Problems began to resurface by the time their third child, Tina’s sister, was born in June 2000. Tina and her sister were seized by CFS and placed in a hotel when they were one year old and four months old, after their parents left the children in the care of their grandmother and didn’t return for some time.

The children were returned four days later,  but no assessment was done to determine if they were safe, or if their parents were capable of caring for them. The next year, Tina and her sister were seized again after their parents were spotted leaving a house party staggeringly intoxicated with their children in tow.

The children were again placed in a hotel for nine days and eventually went into foster care. Around this time, Duck and Fontaine’s relationship ended.

In father’s care

After he completed addictions treatment and parenting classes, Tina and her sister were returned to their father’s care.

Given his extensive history of exploitation and violence towards their mother, Penrose wrote “it is concerning that the agency moved so quickly to place two children who were both under the age of three with Tina’s father and then rapidly close their file without extensive monitoring and supports to ensure the children’s ongoing safety.”

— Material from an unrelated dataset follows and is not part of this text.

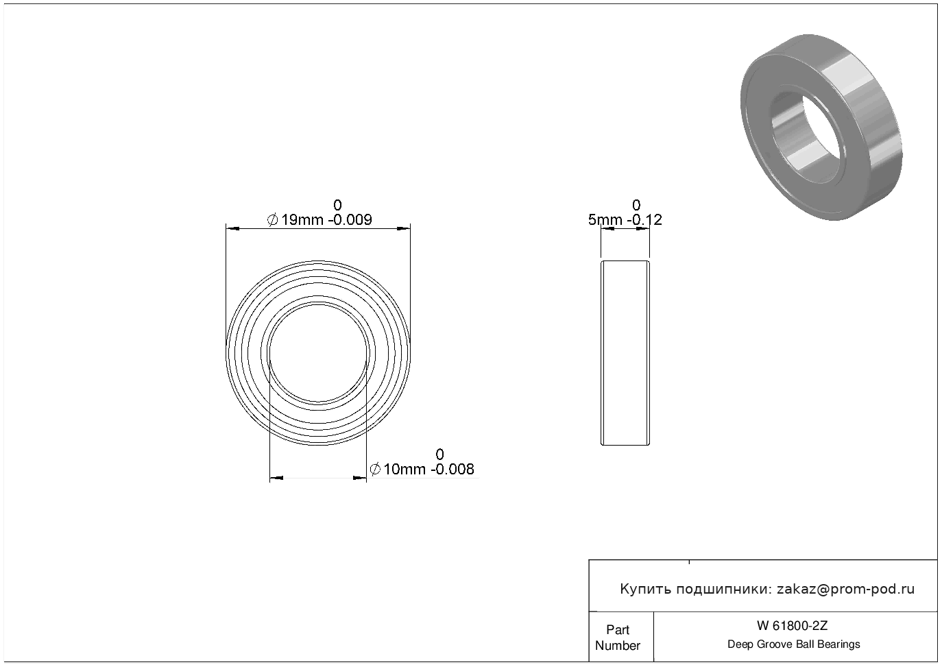 | 6800 2RS | Шариковый подшипник | Уплотнение с обеих сторон, NBR. |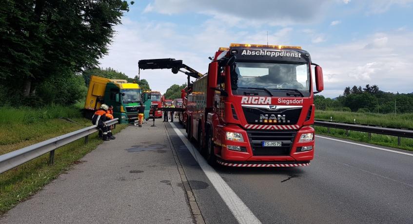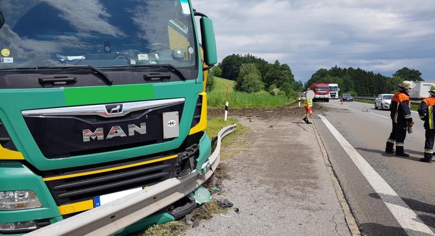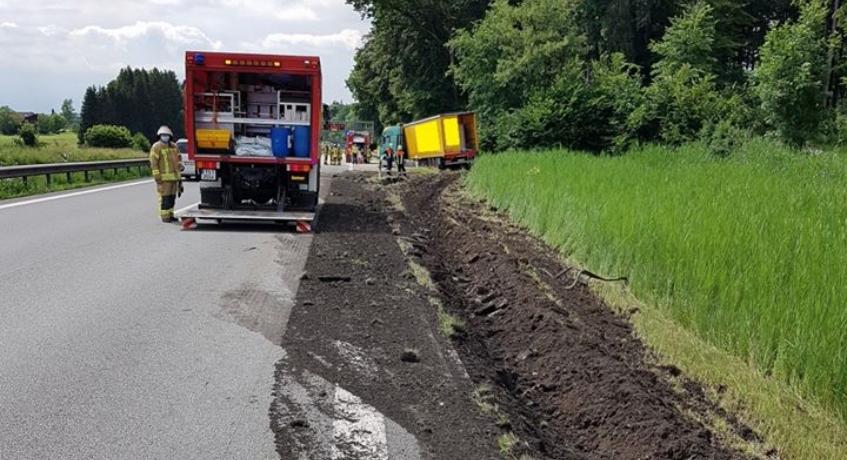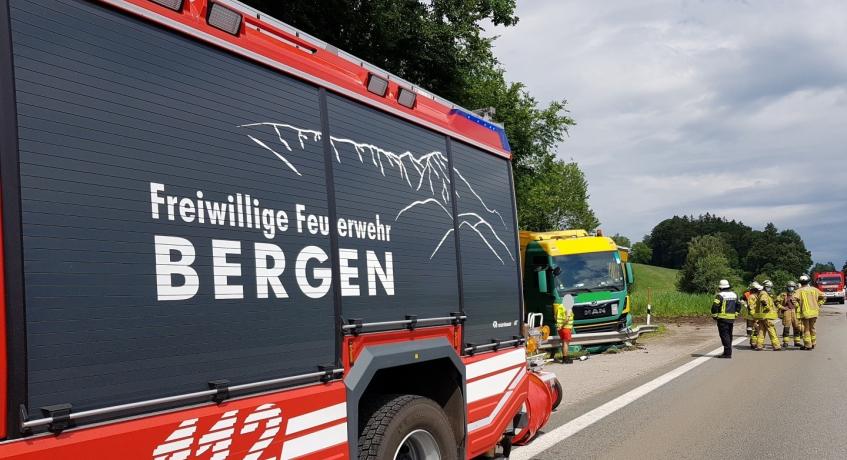 Ein ungarischer LKW-Fahrer kam mit seinem vollbeladenen LKW nach rechts von der Straße ab und blieb in der Böschung hinter einer Leitplanke stecken. Zur Bergung des LKW musste die Leitplanke auf mehrere Meter von der Feuerwehr weggeschnitten werden. Außerdem reinigte die Feuerwehr die Straße sowie den geborgenen LKW, damit dieser abtransportiert werden konnte. Während der Bergung des LKW war die rechte Fahrspur für ca. 2 Stunden gesperrt, wodurch sich ein kilometerlanger Rückstau bildete. Neben der Feuerwehr Bergen waren noch die Feuerwehren Grabenstätt und Übersee alarmiert, die jedoch nach kurzer Zeit wieder in ihre Feuerwachen zurückkehren konnten.

A mural in her former school shows Tina Fontaine near a lake, with a flock of birds in flight at her side. (Jaison Empson/CBC)

 

Contact between Duck and her children ceased for several years. Eugene Fontaine continued to struggle with his addiction, eventually placing the children into a customary care arrangement with his aunt, Thelma Favel, to whom the girls would refer as “grandma.”

For many years, Favel provided a stable home for the two girls, who maintained regular contact with their father. In 2005, Favel contacted her CFS agency to ask about getting Tina assessed for fetal alcohol spectrum disorder, but no assessment was ever done.

Father’s death a turning point

The relative stability of Tina’s life was upended when her father was beaten to death by two men in 2011, when Tina was 12 years old. The report criticizes Victim Services for failing to arrange counselling for Tina, who began skipping school and running away from home, despite repeated pleas from Favel and others to get her help.

“In the nearly three years of involvement since the homicide death of Tina’s father, victim services neither met directly with Tina nor did they arrange a single counselling session for her to help her manage her loss and grief,” the report says.